Many Rhode Islanders are paying off student loans that average more than $31,000, one of the highest student debt burdens in the nation. As we continue our series Paying for It: Rhode Islanders Struggle With Student Debt, we look at what happens when those loans are too much to handle.
Rhode Island Public Radio’s Education reporter Elisabeth Harrison met Allison Dean at her house on a quiet street in Warwick, sandwiched between the airport and Narragansett Bay.
In her small, yellow kitchen, Allison Dean riffles through a stack of bills on the counter next to the coffee machine.
“Here’s some of my mortgage stuff that keeps changing. So I need to call them,” said Dean.
Dean is a thin and blond with spiky hair, who is raising three young boys, and she has struggled recently to make mortgage payments because of some unexpected medical expenses. Money is often tight.
“I worry constantly about money," Dean said. "I worry about the mortgage, I worry about my kids, I worry about just all our finances."
Dean has a bachelor’s degree in social work and makes a living counseling families who are applying for college financial aid. She tells them to look everywhere for scholarships and negotiate with colleges to reduce the amount they have to borrow, and she speaks from personal experience. Dean and her ex-husband borrowed about $65,000 for college and graduate school.

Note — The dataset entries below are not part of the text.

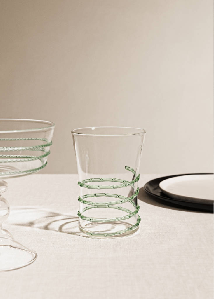 100% borosilicate. Raised dot detail. Transparent design. Adds a touch of simplicity and elegance to your table. Coordinates with more products from the collection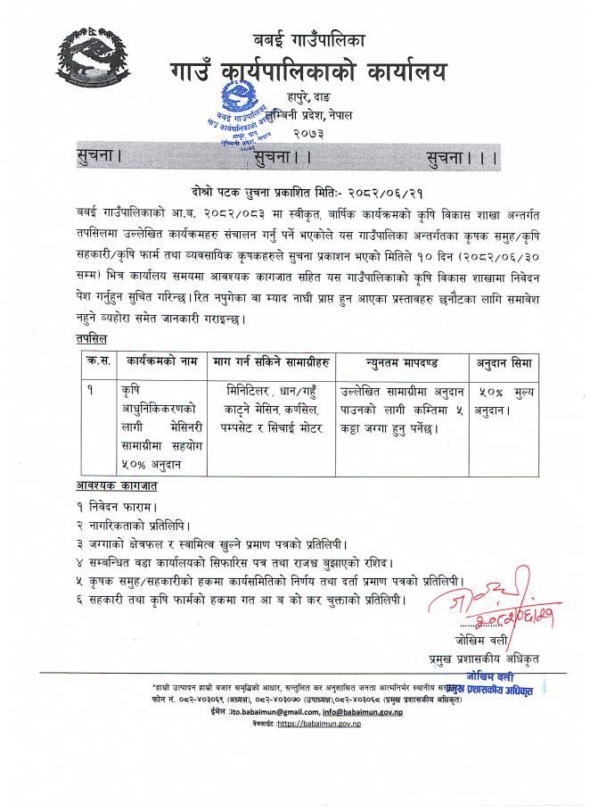 » कृषि आधुनिकरणको लागि मेसिनरी सामाग्रीमा सहयोग ५० % अनुदान सम्वन्धी सूचना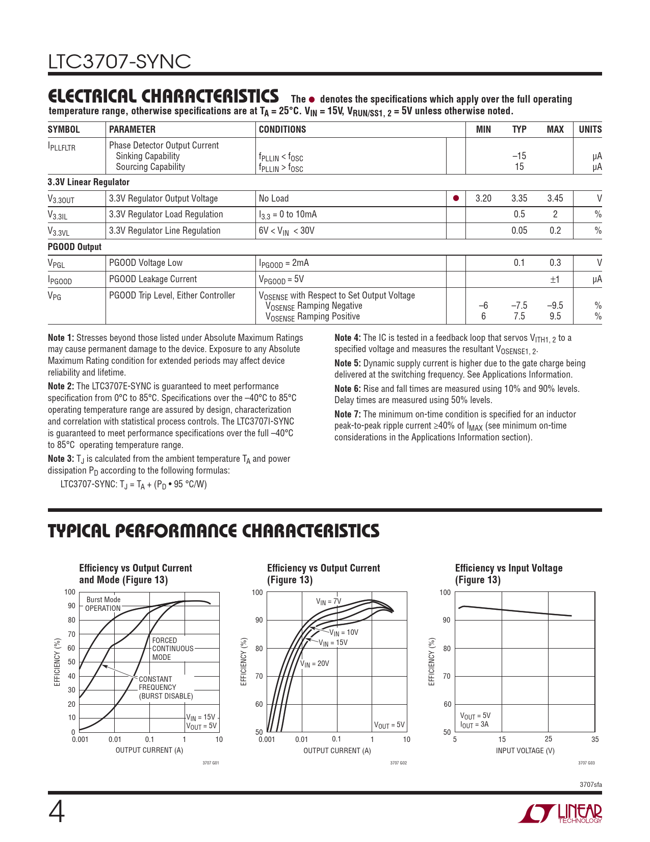 The LTC3707E-SYNC is guaranteed to meet performance

“We were foolish, and we still owe that same amount, haven’t made any payments,” said Dean.
Dean says they used part of the money to travel and some of the money went towards classes she took at Rhode Island College for a graduate degree in education, which she never finished. Although they both have undergraduate degrees, it’s been tough to find regular employment that really pays the bills.
“Which is another thing, when I’m talking to my students or the family of my students, I stress that it's not like when I went to college, and you could get a degree in social work or in English, or get a bachelors and get a good job," Dean explained. "Today you can’t do that.”
Further complicating the situation for Dean, she and her husband consolidated their loans and later got divorced.
“We were advised not to in case we ever get divorced, and we were like, oh we’ll never get divorced," said Dean. "And we did get divorced and you can’t split that.”
As Dean has learned, you can’t split up student loans once they’ve been consolidated, and if her husband is ever unable to pay, she will be on the hook for the money. Even bankruptcy didn’t make their student loans go away.
Persis Yu, an attorney at the Center for Consumer Law, says student loan borrowers have to meet a very high standard known as “undue hardship” to discharge their student loans through bankruptcy.
“It’s a huge problem for borrowers that it is such a high hurdle," Yu said. "Bankruptcy is an important protection, and there is unfortunately no fresh start for student loan borrowers.”
There’s no fresh start, according to Yu, because federal student loans can essentially follow you until you die. But there are programs that help borrowers in difficulty.
For Allison Dean and her ex-husband a new federal program called income based repayment has made a big difference. Their income is so low right now, they don’t have to make any payments on their student loans at all.
This allows them to avoid defaulting, but it also means the interest on their loans keeps racking up, and Dean says it’s the not the situation she had hoped for, when she borrowed the money
“We owe it. It’s not something I wan to get around, it's just we happen to be in a situation we can’t pay it,” said Dean.
So Dean tells her clients not to make the same mistakes she and her husband made. She points out that the $65,000 they borrowed would only pay for about a year of undergraduate education these days, at least at many private colleges.
When it comes to sending her own three boys to college, Allison Dean says she will encourage them to start at a community college, so they can keep the cost to a minimum. She’s considering going even one step further by encouraging them to go to a vocational high school, where they can learn a trade. That way, she says, they will have something to fall back on to pay student loans even if jobs are hard to come by after college.